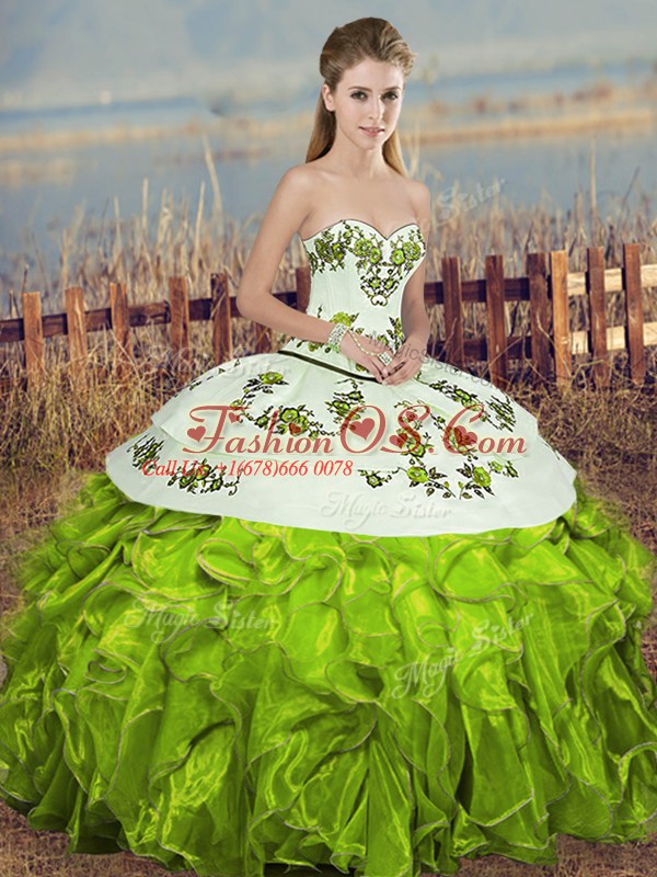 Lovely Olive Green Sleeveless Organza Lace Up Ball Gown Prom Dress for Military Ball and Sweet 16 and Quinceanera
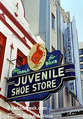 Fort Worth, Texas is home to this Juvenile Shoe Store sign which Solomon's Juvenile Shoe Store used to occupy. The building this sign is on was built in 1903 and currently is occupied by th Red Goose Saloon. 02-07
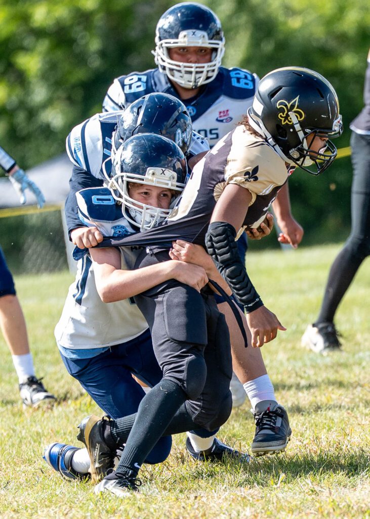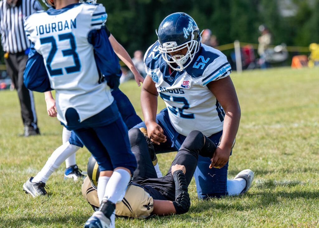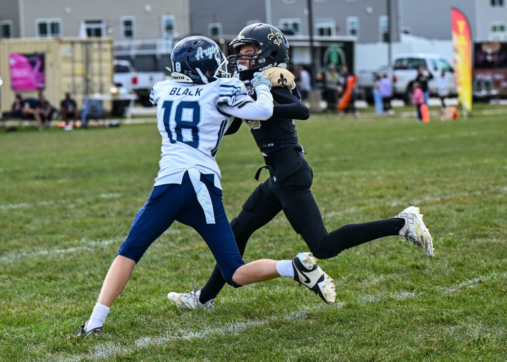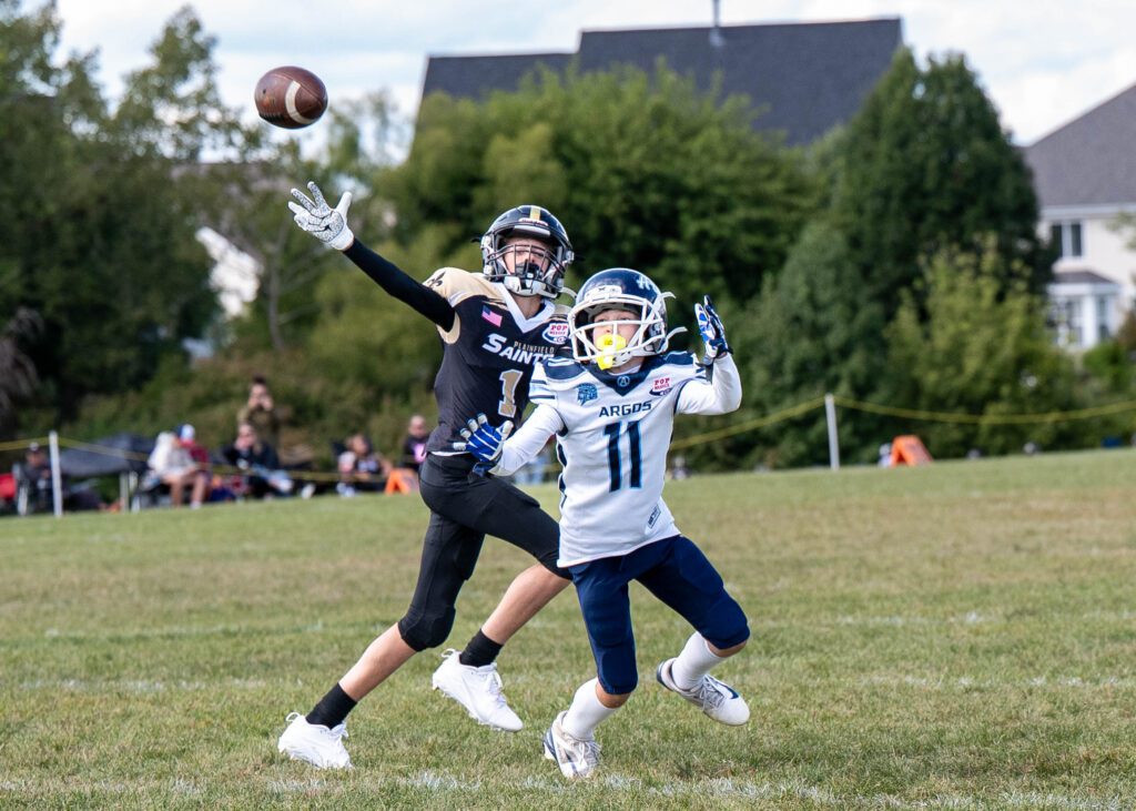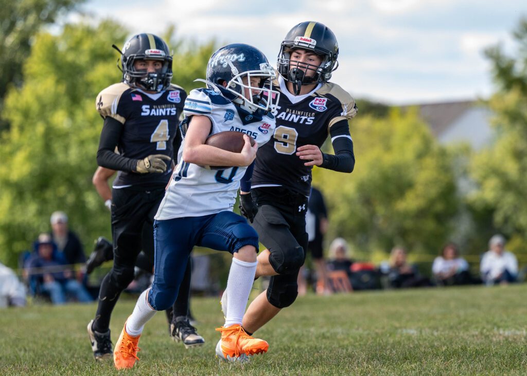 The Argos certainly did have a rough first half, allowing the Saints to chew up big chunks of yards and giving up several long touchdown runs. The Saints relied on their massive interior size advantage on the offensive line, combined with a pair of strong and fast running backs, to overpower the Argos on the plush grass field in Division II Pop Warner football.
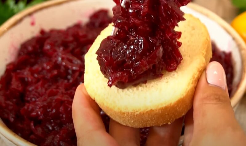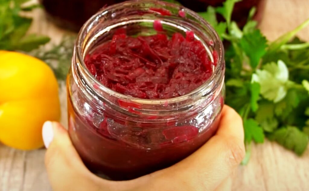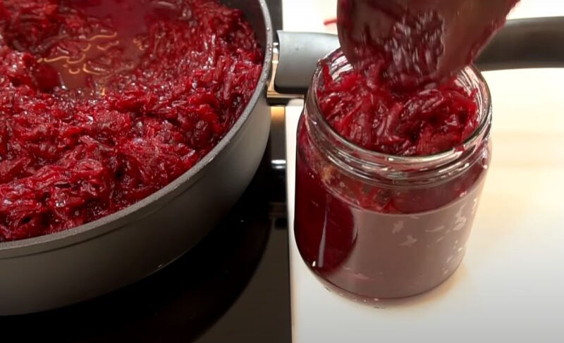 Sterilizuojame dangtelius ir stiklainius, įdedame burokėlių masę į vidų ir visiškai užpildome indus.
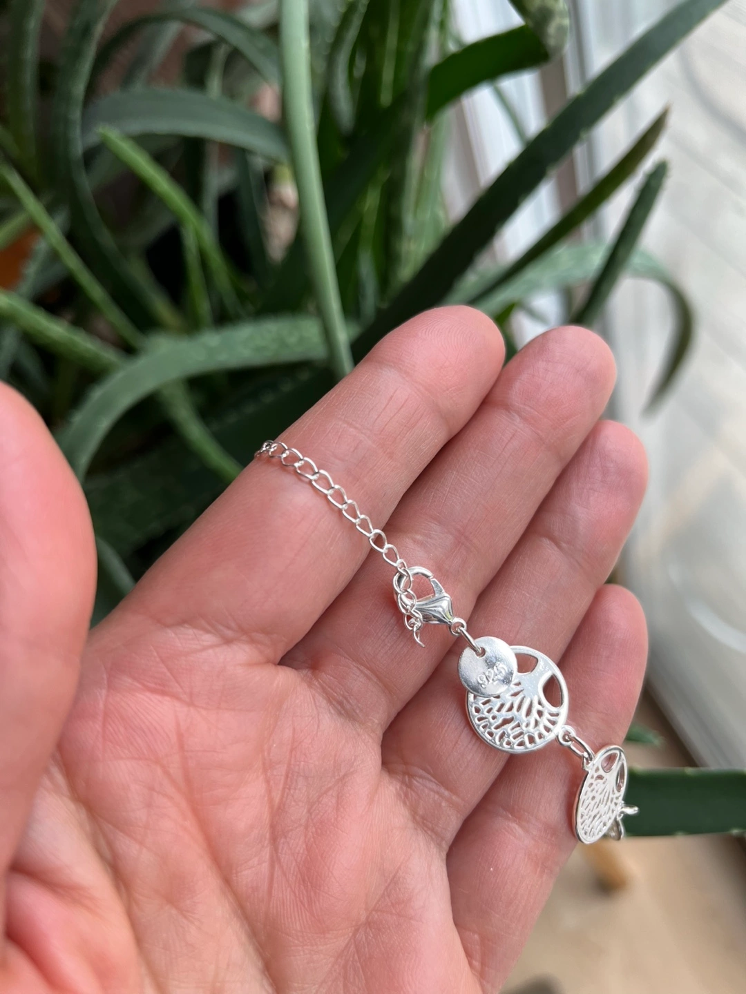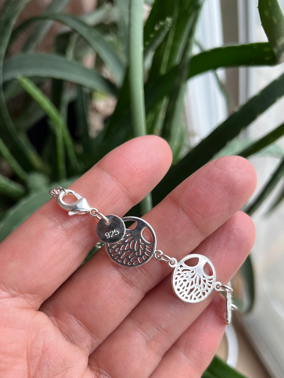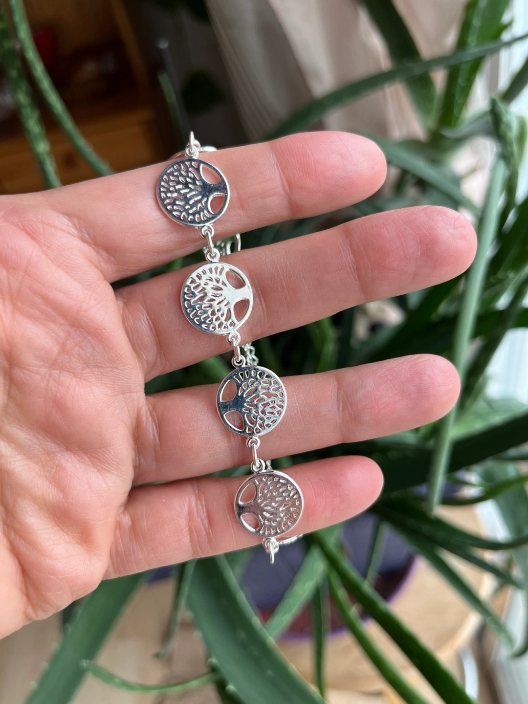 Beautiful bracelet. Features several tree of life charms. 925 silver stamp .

...

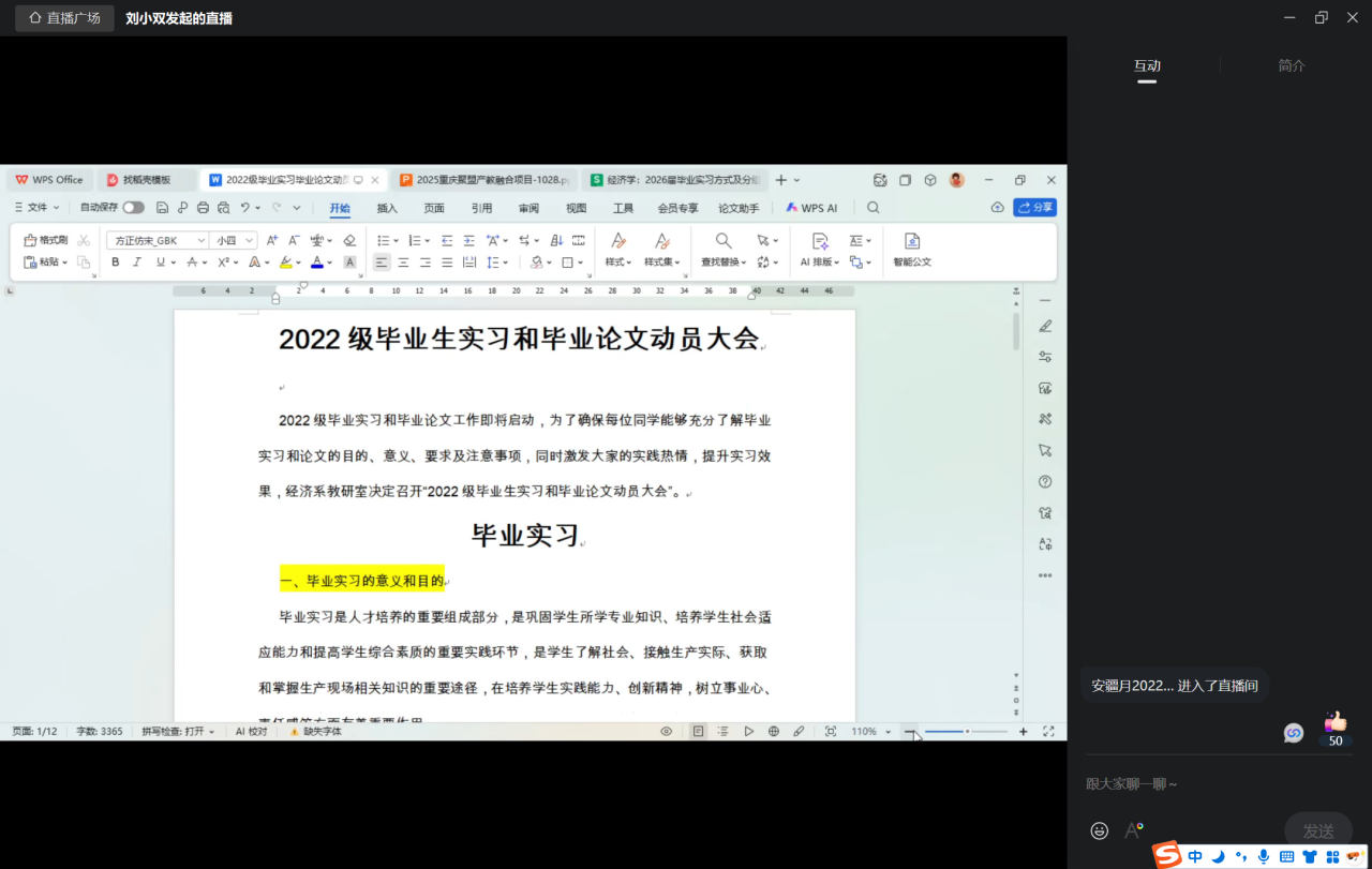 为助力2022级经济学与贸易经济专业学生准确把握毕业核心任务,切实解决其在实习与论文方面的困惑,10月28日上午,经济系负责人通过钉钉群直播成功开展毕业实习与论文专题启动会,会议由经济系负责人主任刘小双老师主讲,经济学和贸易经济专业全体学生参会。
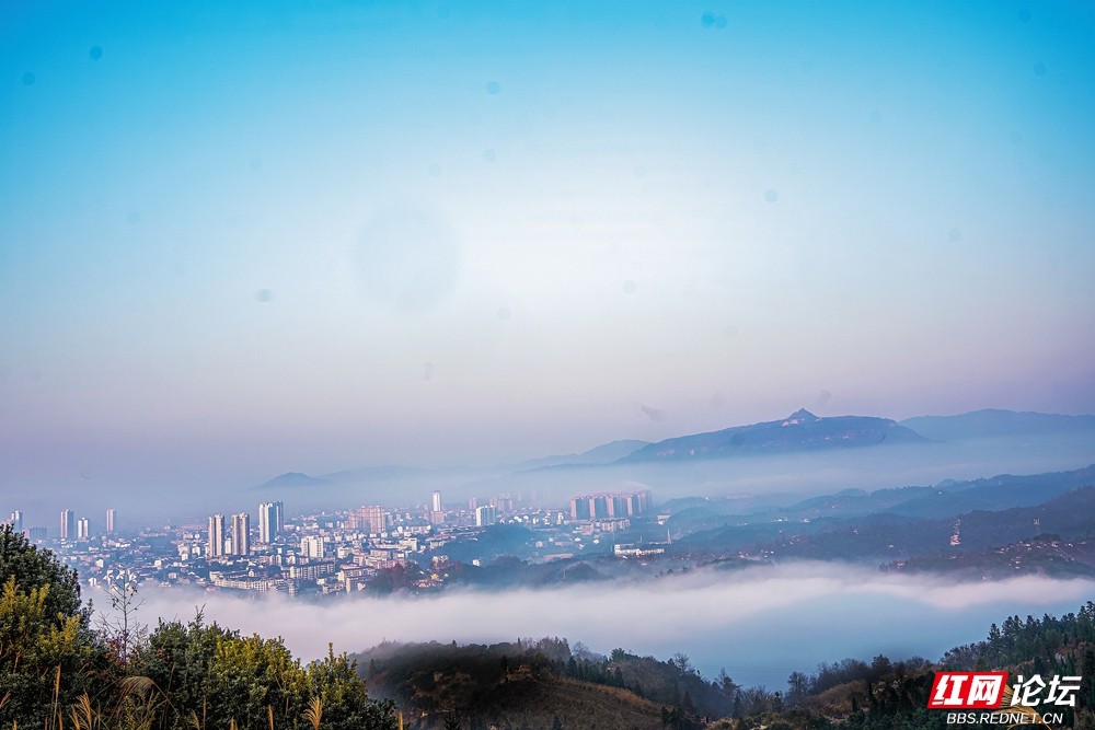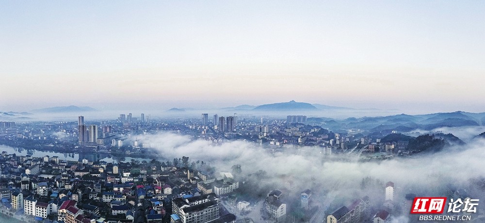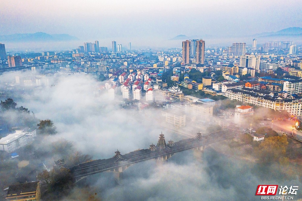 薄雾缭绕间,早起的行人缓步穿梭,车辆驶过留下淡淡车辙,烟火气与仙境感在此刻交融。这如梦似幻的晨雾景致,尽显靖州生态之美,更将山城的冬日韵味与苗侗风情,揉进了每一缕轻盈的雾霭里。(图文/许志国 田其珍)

* * *

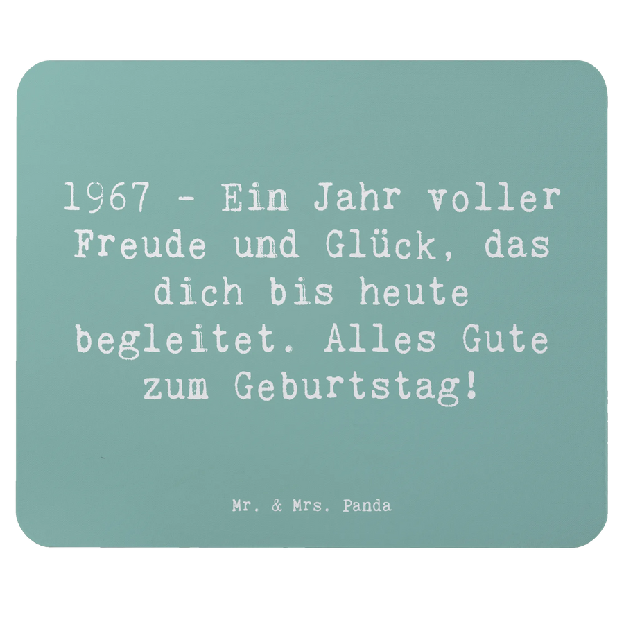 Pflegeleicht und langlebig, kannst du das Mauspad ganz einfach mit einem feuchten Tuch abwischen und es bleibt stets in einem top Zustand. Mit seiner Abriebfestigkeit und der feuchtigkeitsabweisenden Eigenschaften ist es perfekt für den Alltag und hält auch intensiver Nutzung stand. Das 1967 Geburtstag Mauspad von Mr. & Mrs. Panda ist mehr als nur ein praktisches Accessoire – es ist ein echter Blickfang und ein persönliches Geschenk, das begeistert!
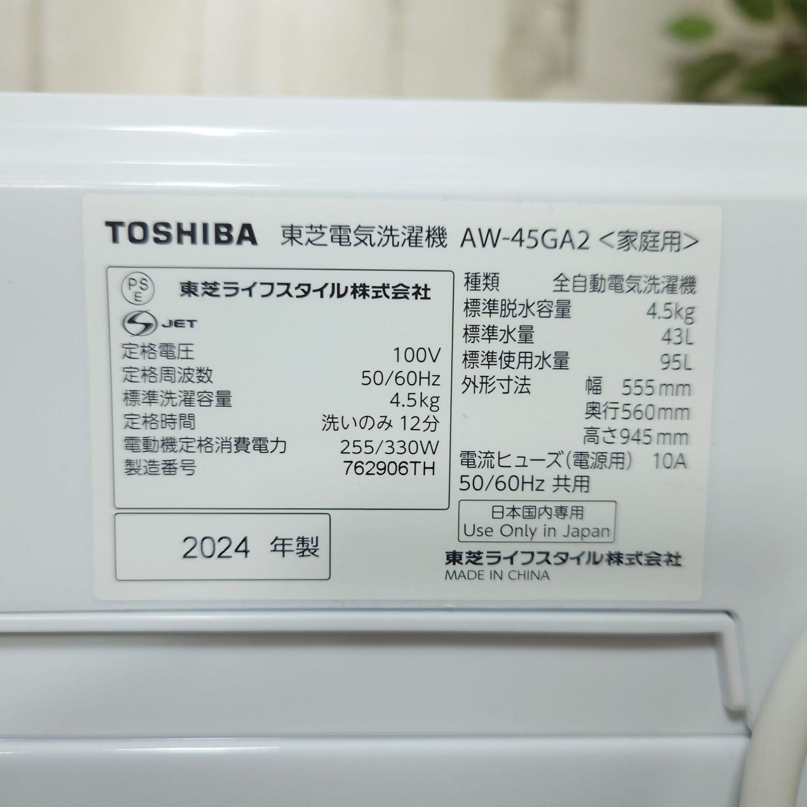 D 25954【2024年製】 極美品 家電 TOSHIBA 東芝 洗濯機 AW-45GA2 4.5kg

*Prompt*. Give again the lines of the listing above that run from the one with "Lovely Olive Green" up to and including the one with "Beautiful bracelet. Features". Keep them exact and omit the pictures.

*Result for this exercise*.
 Lovely Olive Green Sleeveless Organza Lace Up Ball Gown Prom Dress for Military Ball and Sweet 16 and Quinceanera
 Fort Worth, Texas is home to this Juvenile Shoe Store sign which Solomon's Juvenile Shoe Store used to occupy. The building this sign is on was built in 1903 and currently is occupied by th Red Goose Saloon. 02-07
 The Argos certainly did have a rough first half, allowing the Saints to chew up big chunks of yards and giving up several long touchdown runs. The Saints relied on their massive interior size advantage on the offensive line, combined with a pair of strong and fast running backs, to overpower the Argos on the plush grass field in Division II Pop Warner football.
 Sterilizuojame dangtelius ir stiklainius, įdedame burokėlių masę į vidų ir visiškai užpildome indus.
 Beautiful bracelet. Features several tree of life charms. 925 silver stamp .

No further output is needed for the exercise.